With one of the most innovative set-ups on show at this years Raindance festival, Jake Squared comically questions the importance of certain life decisions, and the part they play in defining the self when all is said and done. The easiest reference point for the conceptual narrative of writer/director Howard Goldberg’s feature is Charlie Kaufman’s mind-melting Synecdoche, New York, casting as it does, the lead role within his own film portraying varying aspects of his own life. Fortunately tone is somewhat easier to determine, pitching itself somewhere between a meta-comedy and faux philosophical questioning.

The eponymous lead in question is a 50 year-old part-time film director and (slightly more than) part time real estate agent.

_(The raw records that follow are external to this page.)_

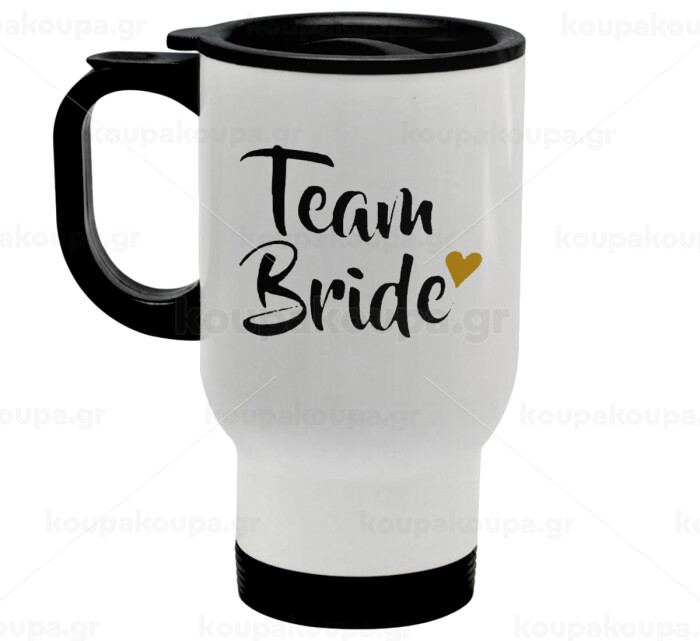 Team Bride, Κούπα ταξιδιού ανοξείδωτη με καπάκι, διπλού τοιχώματος (θερμό) λευκή 450ml
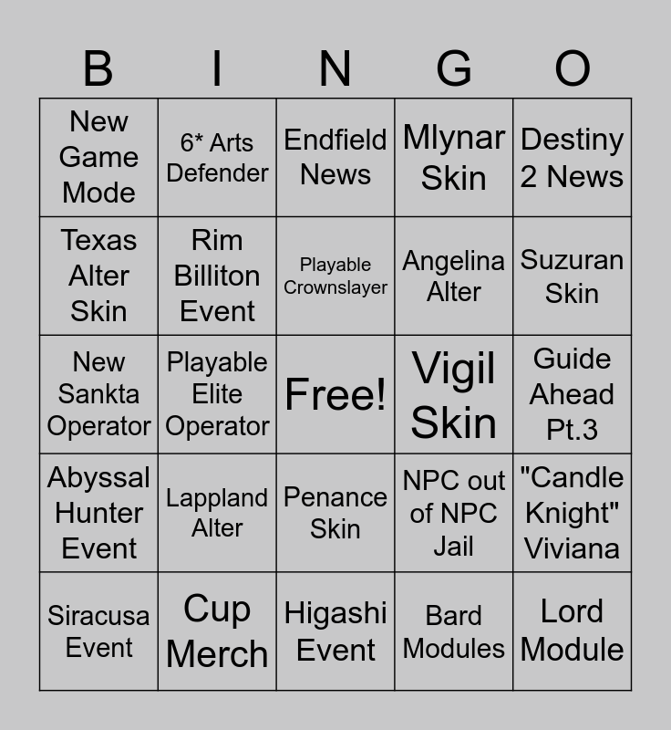 This bingo card has a free space and 24 words: Siracusa Event, Lappland Alter, Playable Crownslayer, Bard Modules, Destiny 2 News, New Game Mode, 6* Arts Defender, Endfield News, Vigil Skin, Guide Ahead Pt.3, New Sankta Operator, Rim Billiton Event, NPC out of NPC Jail, "Candle Knight" Viviana, Texas Alter Skin, Cup Merch, Higashi Event, Mlynar Skin, Suzuran Skin, Abyssal Hunter Event, Playable Elite Operator, Penance Skin, Angelina Alter and Lord Module.
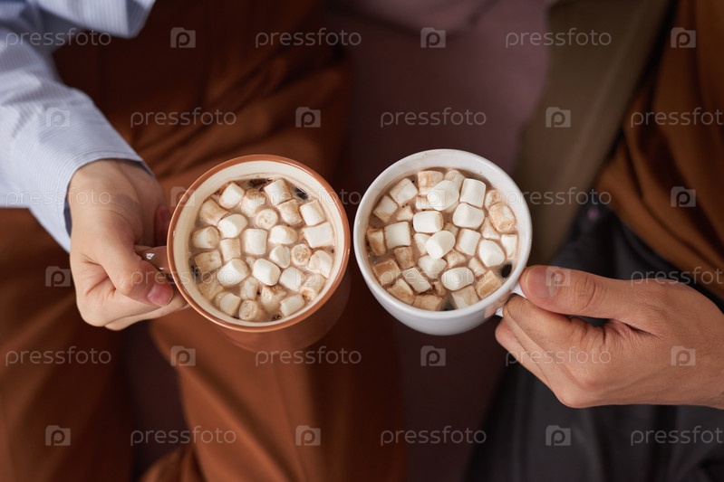 Сверху снимок мужской и женской рук, держащих чашки горячего кофе с зефиром
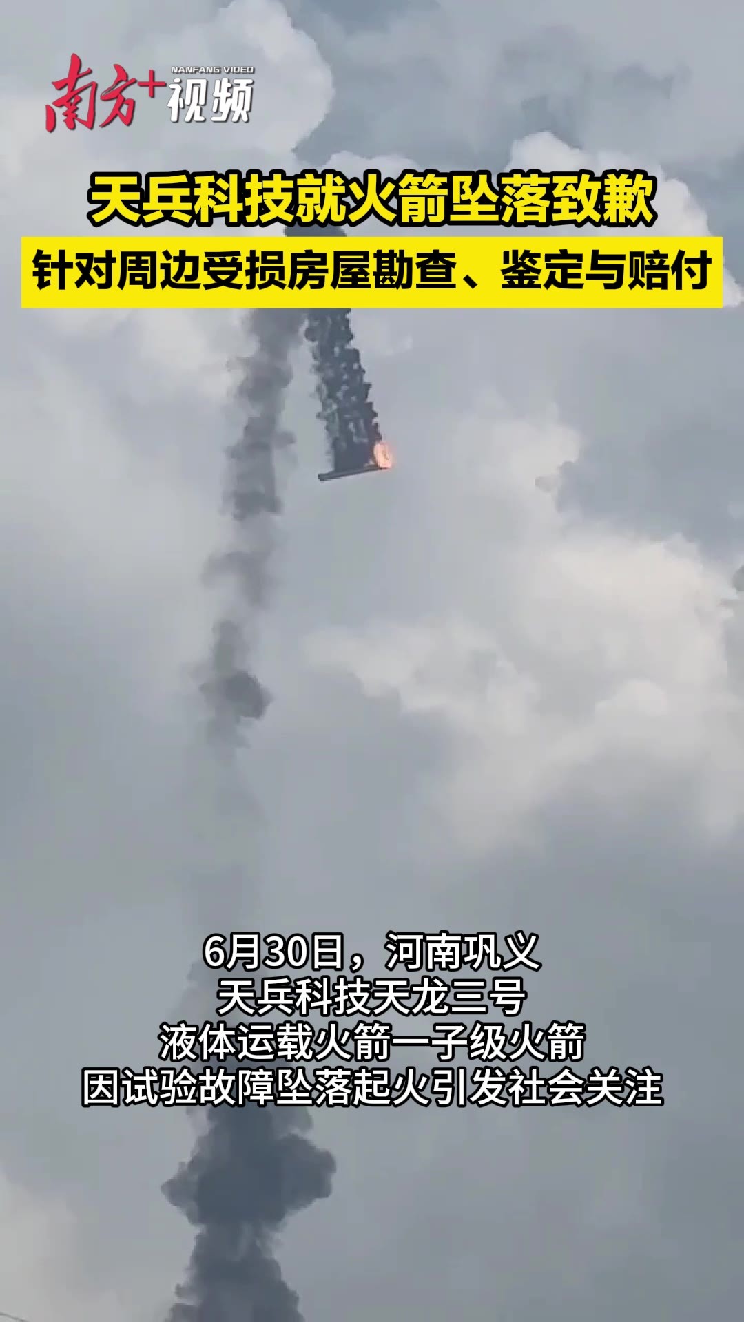 天兵科技就火箭坠落致歉,针对周边受损房屋勘查、鉴定与赔付
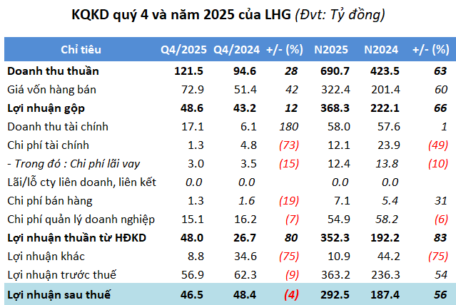 Dù doanh thu tăng trưởng trong quý cuối 2025, song áp lực giá vốn và sự sụt giảm của khoản lợi nhuận khác đã kéo lãi ròng LHG đi lùi. Dù vậy, Doanh nghiệp vẫn khép năm bằng mức lợi nhuận cao nhất trong 4 năm qua.
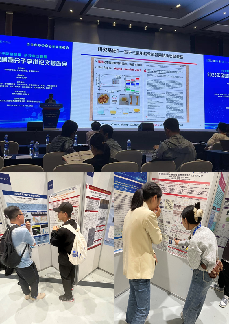 2023年全国高分子学术论文报告会于10月13-17日在武汉举行,大会由中国化学会高分子学科委员会和华中科技大学共同主办,华中科技大学承办,来自全国各地的6000余人参加了此次大会,其中有两院院士24人,长江学者、杰青、国家高层次人才计划专家200余人。会议共有大会报告8个,邀请报告422个,口头报告495个,快闪报告294个。我院青年教师宇平博士,研究生郭俊瑕、韩旭、王海跃和李柏江参加了本次会议。

A hopeless romantic at heart, Jake is at a loss as to how he has ended up alone bar the two teenage children resulting from his previous marriage. On a mission to make sense of everything he embarks on an ambitious film project casting himself as a hunky twenty-something as the host of a sprawling house party where guests will come and go and somewhere in amongst the endless rolls of footage will lie answers. Any answers will do.

The fourth wall not so much broken as well and truly obliterated, we float alongside actor Jake while being guided by real Jake as he interjects and interrupts various scenes offering his own direction and pieces to camera. Before long Jake’s film set spirals out of his control, gatecrashed by a host of uninvited guests. There’s 40 year-old Jake joining a drum circle, a perma-chilled bandana sporting Harley Davison fanatic; playboy Jake from his 30’s casually eyeing up female guests, and even a sprightly 17 year-old hippy Jake insistent on being called by his stage name Damien. To add to the disarray he is joined by girlfriends of the past mingling with family members long since passed in real life.

If this all sounds head-scratchingly difficult to work out then that may just be the point. Jake Squared attempts to take in a whole life to make sense of their place, and a whole life is a big sprawling, pattern-less maze which cannot be self-edited or escaped - there’s even a neat gag about the past catching up with you to prove just this.

Holding the film up and keeping it steady is a tight script acted with conviction by Elias Koleas who flitters between Jake through the ages bringing believability to each phrase of his life. It’s a clever trick making physical the psychological changes a person goes through in time, complete with lost loves, lost hair and lost ideals.

At times over-reaching and arguably naval-gazing (the many inserted quotes offer little to the overall film), Jake Squared is none-the-less an admirably ambitious film and a laudably inventive one.